Required action —
Beginning with the line containing "在設(shè)計方面,皇雅依" and ending with the line containing "Vybrat lze z", write out each line of the records below exactly; pictures and lines outside that range are left out.

───── Dataset content

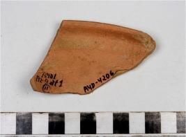 | Description / विवरण | Fragment of rim a bowl of red ware with incurved rim, tapering sides of medium fabric. |
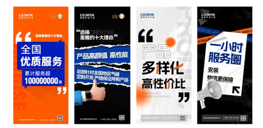 在設(shè)計方面,皇雅依據(jù)VI/SI標準賦能門店門頭設(shè)計、燈箱廣告設(shè)計、宣傳海報設(shè)計、展廳40/60/80方規(guī)劃設(shè)計,滿足對店面設(shè)計的多樣化需求。
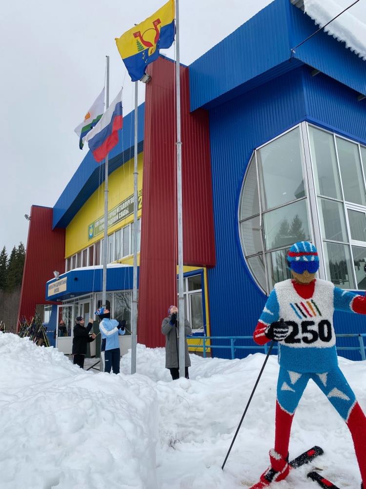 Участников соревнований приветствовал глава Омутнинского района Александр Малков. Под гимн страны подняли флаги победители первенства Кировской области по лыжным гонкам и члены сборной команды региона Полина Леванова, Данил Порубов, Елизавета Новоселова.
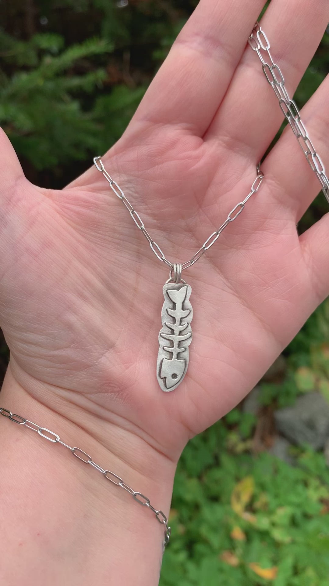 This tiny fish skeleton pendant was sawn out by hand with a saw blade thinner than an eyelash. This necklace is perfect for everyday wear!
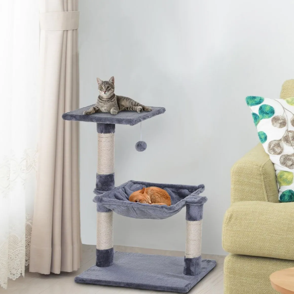 – Equipements multiples : plateforme, 3 griffoirs, grattoirs, hamac et jeu de boule suspendue
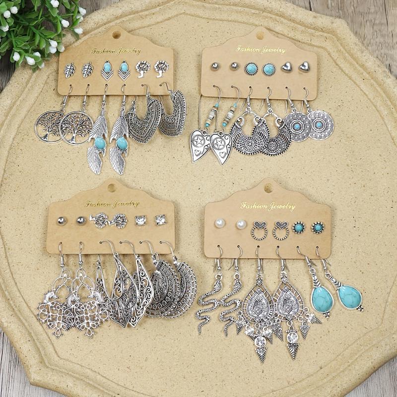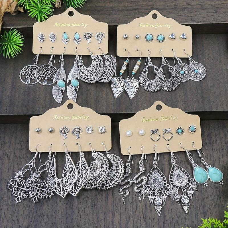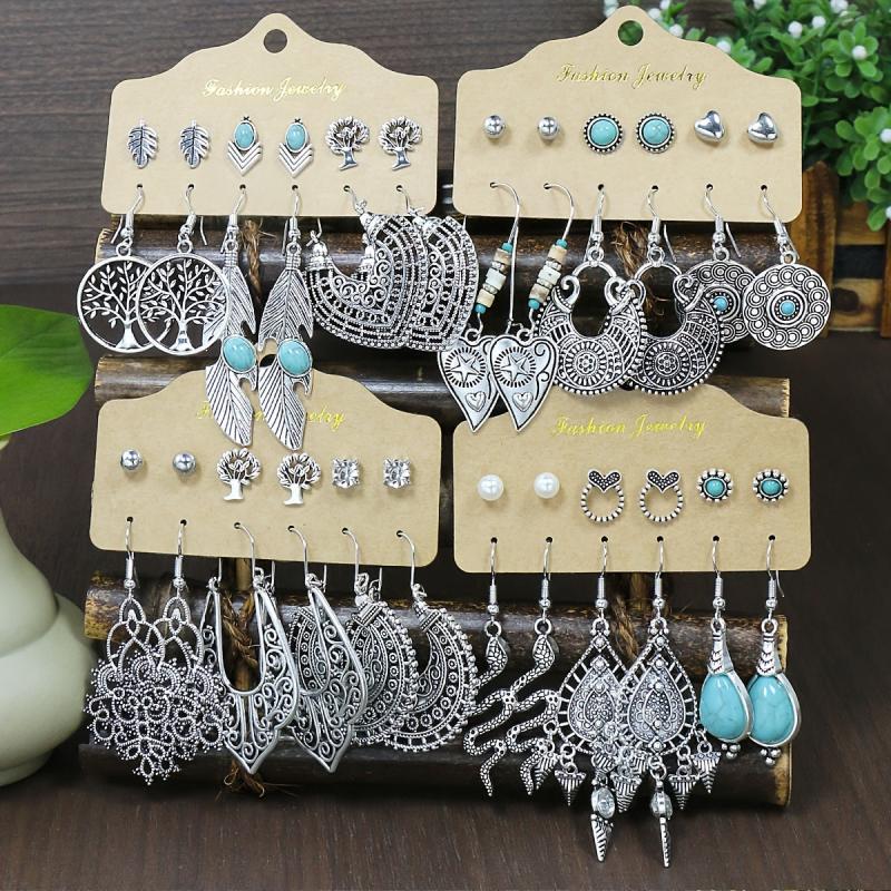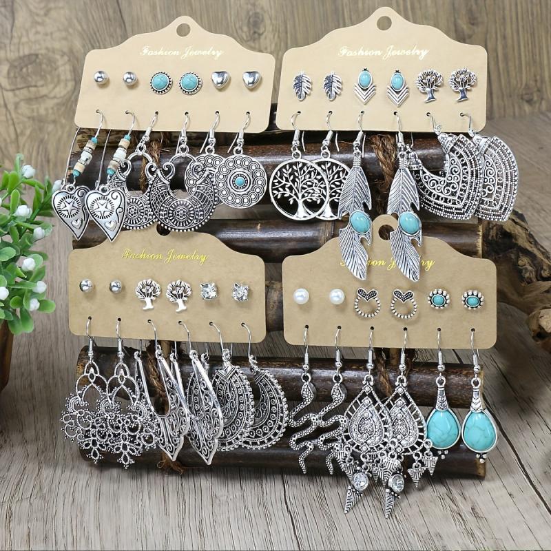 Elevate your style with this set of 24 antique hollow zinc alloy earrings. Perfect for daily wear or vacation outfits, these earrings feature an iron ear needle for a secure fit.
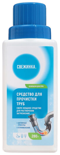Очиститель труб быстро и надолго избавит Вас от проблем с засорами. Благодаря активным химическим процессам средство очень эффективно устраняет любые, даже самые трудные, засоры в стоках и трубах, устраняя при этом неприятный запах.
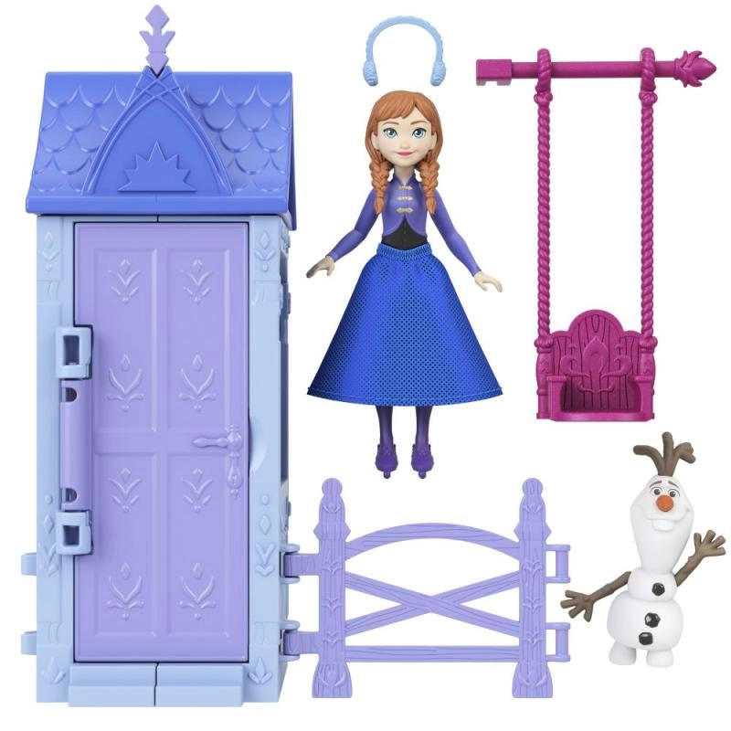 Vybrat lze z různých variant s odlišnými doplňky a funkcemi, jako jsou otevírací dveře, skládací domečky, klouzačka nebo houpačka. Každé balení obsahuje minipanenku ANNA nebo ELSA, zvířecího kamaráda (např. SVEN nebo OLAF) a tematické příslušenství pro interaktivní hraní.
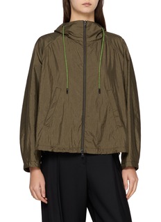 A featherlight layer shaped with Herno’s signature technical finesse, this hooded windbreak jacket plays with volume through its cropped, wide silhouette and crisp nylon sheen. Neon drawcords punctuate the look with subtle energy. Ideal for transitional days or layered over tailoring for a clean, modern contrast.
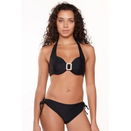 Dámské dvoudílné plavky 7214 black LingaDore - černá barva - košíčky zdobené řasením - mezi košíčky spona - zavazování za krkem nebo na zádech - kalhotky nižšího střihu - zavazování na bocích
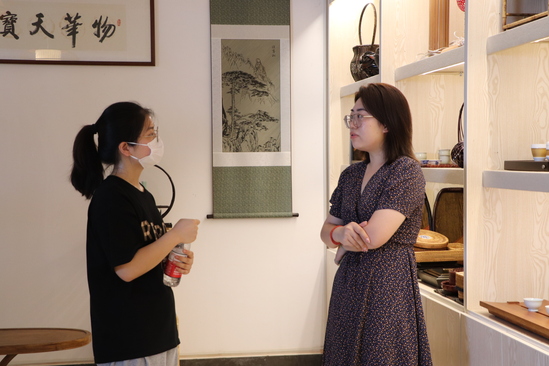 走进嵊州市大志然竹编厂,在企业负责人吕爽的带领下,实践团参观了竹编生产车间和竹编陈列厅,工人们有序的工作环境,摆放整齐的竹编工艺品,精细的竹编迭代归类让实践团成员们对竹编企业的发展和生产有了更深刻的认识。吕爽强调从以前具有观赏性的动物竹编到现代精致实用性的竹编产品是竹编不断适应时代再创造的过程。目前该厂的竹编分销商已遍布全国,产品也已远销欧美等国家。当被问及自己为何会从事这一传统行业,吕爽表示自己作为新一代竹编技艺的传承者、传播者,这是一种神圣的使命感。
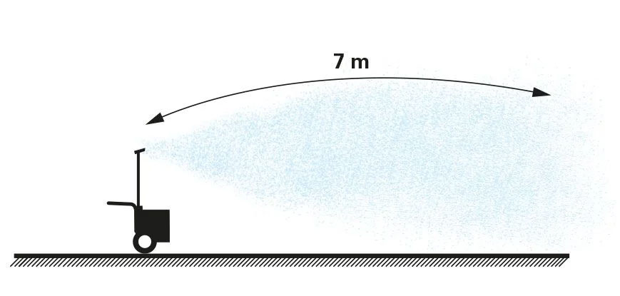 Het Trime TKS-NEBU nevelkanon is ontworpen met oog voor gemak en efficiëntie. Met een reikwijdte van 7 meter en een handmatig verstelbare sproeihoek van 20° tot 45°, kun je het vernevelde water precies richten waar het nodig is. Dit maakt het ideaal voor zowel kleine als overdekte sloopwerken en renovaties, waar stofonderdrukking essentieel is.
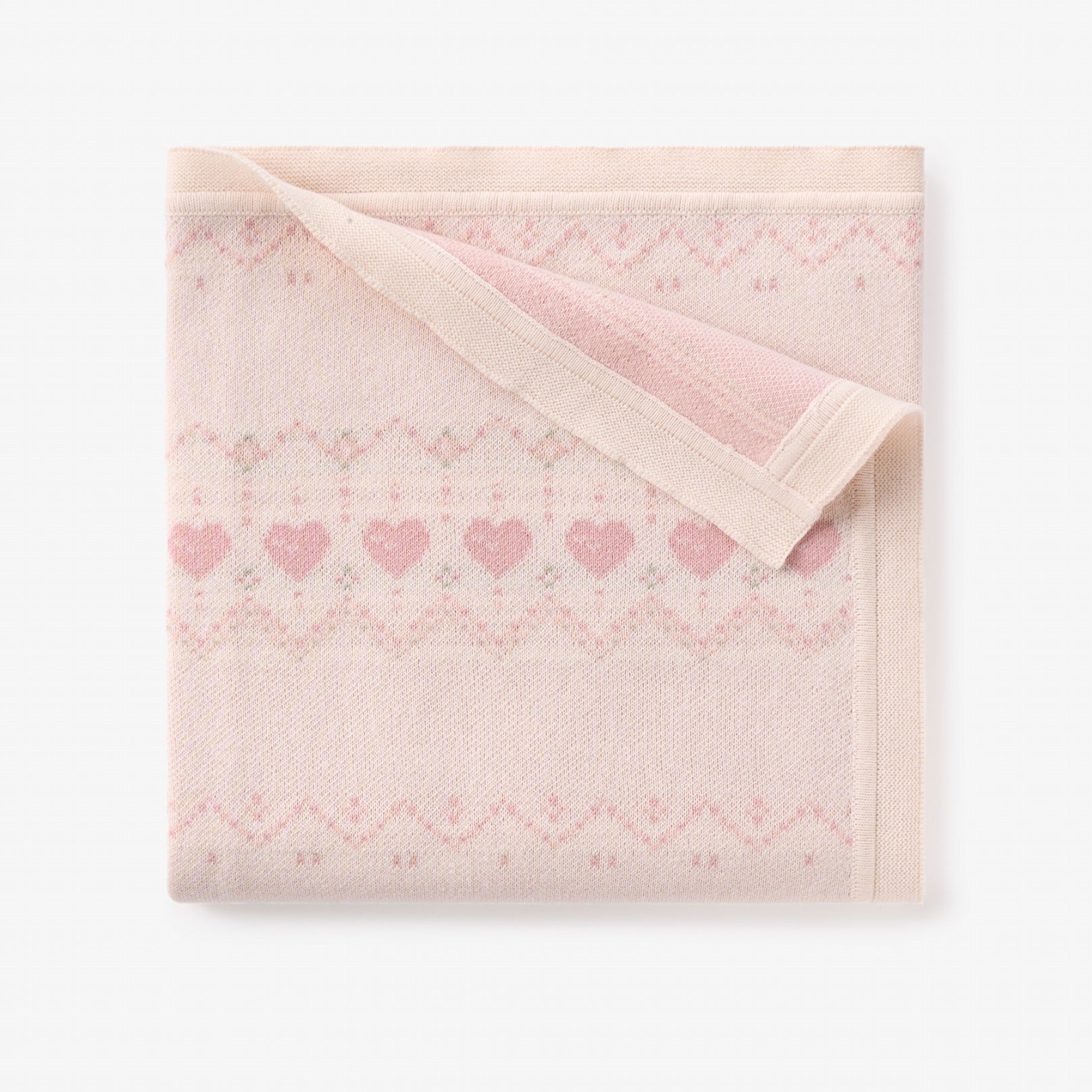 Wrap your little one in warmth and love. This soft knit blanket features a delicate Fairisle pattern in pale blush and ivory—woven with hearts and heritage. Whether for winter snuggles or everyday comfort, it's designed to be a cherished keepsake for your sweetest love, all year long.

──────────

Problem solution —
 在設(shè)計方面,皇雅依據(jù)VI/SI標準賦能門店門頭設(shè)計、燈箱廣告設(shè)計、宣傳海報設(shè)計、展廳40/60/80方規(guī)劃設(shè)計,滿足對店面設(shè)計的多樣化需求。
 Участников соревнований приветствовал глава Омутнинского района Александр Малков. Под гимн страны подняли флаги победители первенства Кировской области по лыжным гонкам и члены сборной команды региона Полина Леванова, Данил Порубов, Елизавета Новоселова.
 This tiny fish skeleton pendant was sawn out by hand with a saw blade thinner than an eyelash. This necklace is perfect for everyday wear!
 – Equipements multiples : plateforme, 3 griffoirs, grattoirs, hamac et jeu de boule suspendue
 Elevate your style with this set of 24 antique hollow zinc alloy earrings. Perfect for daily wear or vacation outfits, these earrings feature an iron ear needle for a secure fit.
Очиститель труб быстро и надолго избавит Вас от проблем с засорами. Благодаря активным химическим процессам средство очень эффективно устраняет любые, даже самые трудные, засоры в стоках и трубах, устраняя при этом неприятный запах.
 Vybrat lze z různých variant s odlišnými doplňky a funkcemi, jako jsou otevírací dveře, skládací domečky, klouzačka nebo houpačka. Každé balení obsahuje minipanenku ANNA nebo ELSA, zvířecího kamaráda (např. SVEN nebo OLAF) a tematické příslušenství pro interaktivní hraní.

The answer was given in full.